EXERCISE: Span requested from the data below: the line with "Mas há outros" through the line with "The S&P 500", both included. Give only these lines again, exactly, and leave every picture out.

RECORDS PROVIDED:
══════════════════════════════

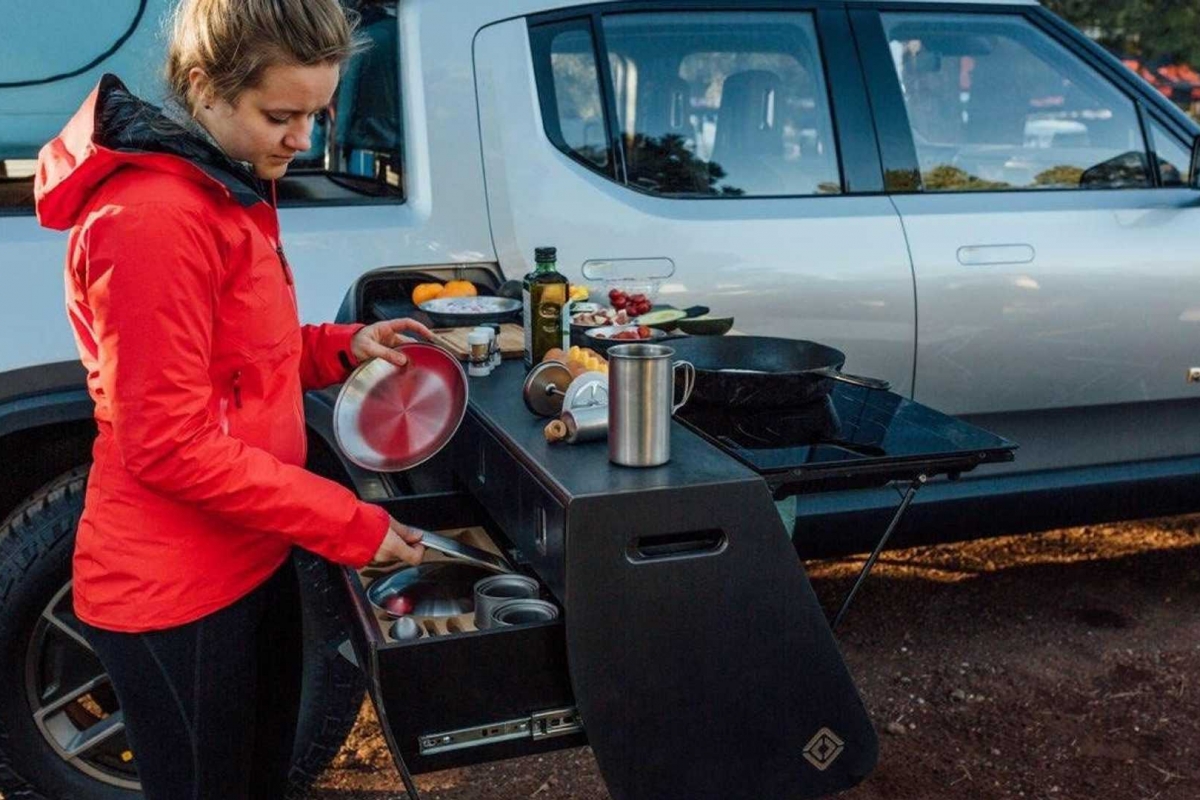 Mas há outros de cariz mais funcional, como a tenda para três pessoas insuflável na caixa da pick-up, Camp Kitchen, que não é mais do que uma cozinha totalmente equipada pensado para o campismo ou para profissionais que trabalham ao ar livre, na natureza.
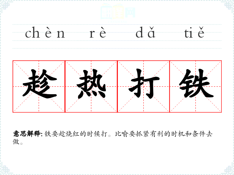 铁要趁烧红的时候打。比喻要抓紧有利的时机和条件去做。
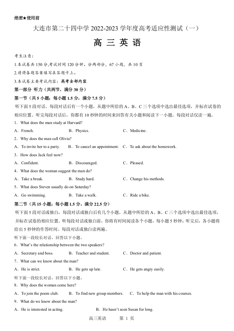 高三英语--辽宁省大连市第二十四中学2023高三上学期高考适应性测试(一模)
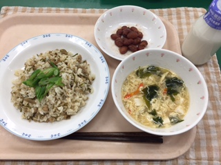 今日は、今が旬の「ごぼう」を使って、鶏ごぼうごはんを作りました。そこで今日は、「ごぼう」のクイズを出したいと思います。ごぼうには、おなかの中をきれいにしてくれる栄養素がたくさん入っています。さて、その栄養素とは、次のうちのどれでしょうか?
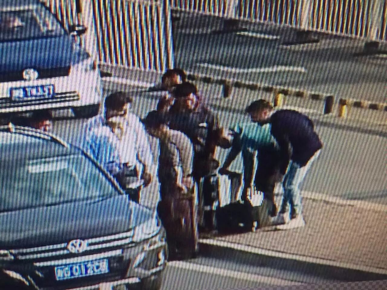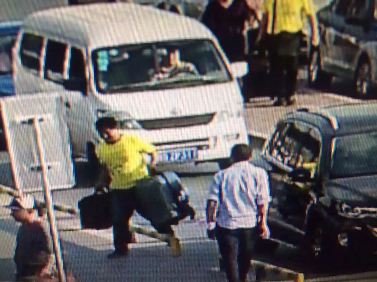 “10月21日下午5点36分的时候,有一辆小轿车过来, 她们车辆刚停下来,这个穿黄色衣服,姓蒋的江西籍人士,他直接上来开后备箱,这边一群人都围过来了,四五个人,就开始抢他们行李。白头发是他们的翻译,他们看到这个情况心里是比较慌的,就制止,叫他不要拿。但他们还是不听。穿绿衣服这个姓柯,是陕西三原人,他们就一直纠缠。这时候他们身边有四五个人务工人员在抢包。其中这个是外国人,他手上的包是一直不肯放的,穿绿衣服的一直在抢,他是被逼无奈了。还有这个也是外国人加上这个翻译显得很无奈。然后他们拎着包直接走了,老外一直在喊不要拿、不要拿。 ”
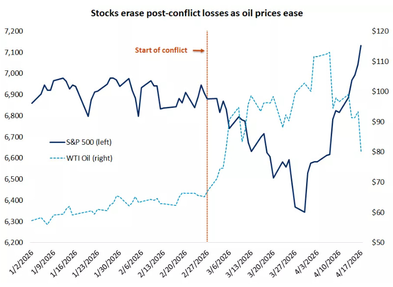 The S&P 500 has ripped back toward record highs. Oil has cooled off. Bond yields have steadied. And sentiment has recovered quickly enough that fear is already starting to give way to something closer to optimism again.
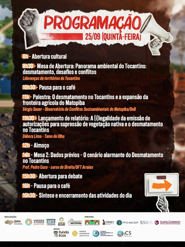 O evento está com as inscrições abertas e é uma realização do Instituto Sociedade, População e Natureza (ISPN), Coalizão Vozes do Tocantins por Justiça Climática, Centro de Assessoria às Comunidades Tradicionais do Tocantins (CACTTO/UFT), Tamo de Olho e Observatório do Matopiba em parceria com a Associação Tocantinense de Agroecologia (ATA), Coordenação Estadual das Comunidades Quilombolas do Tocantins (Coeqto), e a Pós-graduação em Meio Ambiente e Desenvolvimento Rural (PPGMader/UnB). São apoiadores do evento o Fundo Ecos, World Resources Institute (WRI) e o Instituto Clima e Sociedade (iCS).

══════════════════════════════

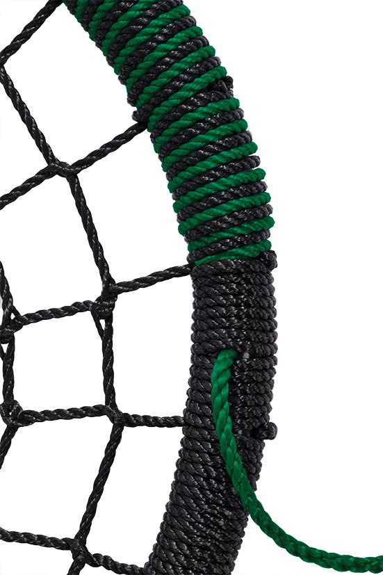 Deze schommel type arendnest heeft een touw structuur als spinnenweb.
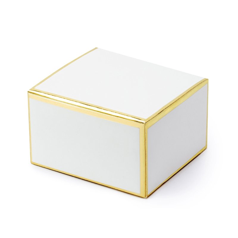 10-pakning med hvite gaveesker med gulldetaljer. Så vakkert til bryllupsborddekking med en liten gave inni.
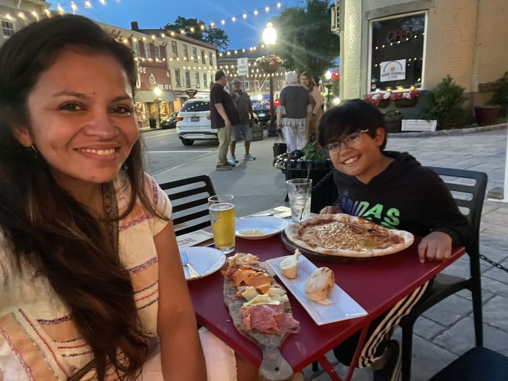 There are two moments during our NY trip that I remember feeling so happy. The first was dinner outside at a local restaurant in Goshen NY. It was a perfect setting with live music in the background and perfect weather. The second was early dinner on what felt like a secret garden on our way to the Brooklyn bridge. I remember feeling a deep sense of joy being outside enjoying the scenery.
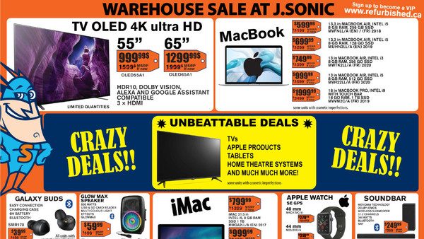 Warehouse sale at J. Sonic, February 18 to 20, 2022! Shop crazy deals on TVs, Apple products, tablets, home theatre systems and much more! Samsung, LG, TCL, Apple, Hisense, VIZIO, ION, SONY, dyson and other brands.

══════════════════════════════

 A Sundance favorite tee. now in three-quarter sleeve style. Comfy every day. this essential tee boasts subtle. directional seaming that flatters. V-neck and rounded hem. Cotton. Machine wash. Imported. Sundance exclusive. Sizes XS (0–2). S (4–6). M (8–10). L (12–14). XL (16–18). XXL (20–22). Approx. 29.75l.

══════════════════════════════

WRITTEN SOLUTION:
 Mas há outros de cariz mais funcional, como a tenda para três pessoas insuflável na caixa da pick-up, Camp Kitchen, que não é mais do que uma cozinha totalmente equipada pensado para o campismo ou para profissionais que trabalham ao ar livre, na natureza.
 铁要趁烧红的时候打。比喻要抓紧有利的时机和条件去做。
 高三英语--辽宁省大连市第二十四中学2023高三上学期高考适应性测试(一模)
 今日は、今が旬の「ごぼう」を使って、鶏ごぼうごはんを作りました。そこで今日は、「ごぼう」のクイズを出したいと思います。ごぼうには、おなかの中をきれいにしてくれる栄養素がたくさん入っています。さて、その栄養素とは、次のうちのどれでしょうか?
 “10月21日下午5点36分的时候,有一辆小轿车过来, 她们车辆刚停下来,这个穿黄色衣服,姓蒋的江西籍人士,他直接上来开后备箱,这边一群人都围过来了,四五个人,就开始抢他们行李。白头发是他们的翻译,他们看到这个情况心里是比较慌的,就制止,叫他不要拿。但他们还是不听。穿绿衣服这个姓柯,是陕西三原人,他们就一直纠缠。这时候他们身边有四五个人务工人员在抢包。其中这个是外国人,他手上的包是一直不肯放的,穿绿衣服的一直在抢,他是被逼无奈了。还有这个也是外国人加上这个翻译显得很无奈。然后他们拎着包直接走了,老外一直在喊不要拿、不要拿。 ”
 The S&P 500 has ripped back toward record highs. Oil has cooled off. Bond yields have steadied. And sentiment has recovered quickly enough that fear is already starting to give way to something closer to optimism again.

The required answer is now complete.